Tuesday, July 19, 2016

Survivors guilt

          REST IN PEACE JORDAN

   Sometimes I think survivors guilt is the wrong terminology. When a group of army buddies are caught in battle and only a couple survive, the guilt that those soldiers feel is real. They come home feeling like they should have died with their buddies on the battlefield. 
In my travels and especially due to the fact that I am a musician, I have been able to participate in many cancer benefits. The hardest ones are always the children. Seeing children dying of cancer when they haven't started living yet is hard.
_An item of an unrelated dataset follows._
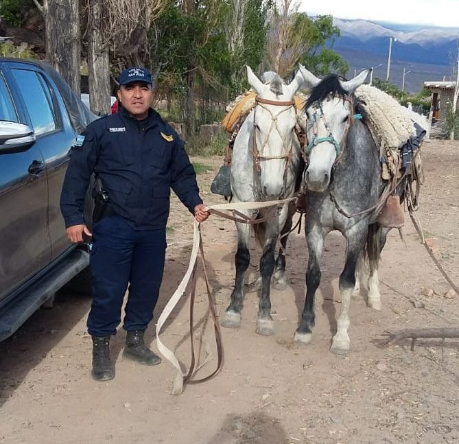Policías de las seccional 21ra, a cargo del comisario Vicente Álvarez, detuvieron ayer en su casa de Angualasto, Iglesia, a Mario César "Carne Amarga" Vega (40). Allí hallaron un caballo y una yegua que habían sido robados el pasado sábado de un corral ubicado detrás del Anfiteatro Buenaventura Luna, en Jáchal, dijeron fuentes policiales. Los animales, de 6 años, estaban en buen estado. Aparentemente los trasladó en una camioneta Toyota Hilux, que también se la secuestraron.

Seeing a young mother in her mid 30s with two small children and stage 4 breast cancer is hard. Telling her to stay positive sounds hollow as she endures treatment after failed treatment. She knows that her children will grow up and she won't be there to see it. Only the most jaded among us cannot be affected by her bravery! Watching our friends die because no treatment worked for them while we have reaped the benefits of multiple successful treatments is hard.
   Tony Crispino's motto is stay positive. Jordan's motto was live thrive survive and my motto " live it loud " are all really positive statements but the fact is that although we want to convey that message of hope and we pray the treatments are successful 50% will fall below the median life extension and 50% will exceed it. A small percentage will exceed it many times over. 
   I do not feel guilty for surviving. I feel righteous anger that others did not. I feel compassion fatigue each time a new guy comes aboard with late stage disease and a poor prognosis. I want to encourage and give hope. Sometimes the results are positive and sometimes not. The higher the Gleason score the harder it becomes to give encouragement. We make friends only to lose them. In the process, a hardening of our hearts occurs. It is a defense mechanism. It is natural. It is necessary.
   Yesterday, for me, was a very bad day. I lost a friend I had never met. I felt a kinship with Jordan. Our diagnosis was very similar. We shared the same positive outlook.  We exchanged a few emails. We talked a few times. I believed he would do well. He didn't and now he is gone. Why??? Why did he fulfill my original prognosis while I have exceeded all expectations? Not Guilt! Just heart wrenching sadness. He, I believe, is in a better place. My tears are for his family and for myself!

  In society we must give everything a name. In the process we marginalize and cheapen what it really is. It is love and it goes beyond cancer and beyond the grave.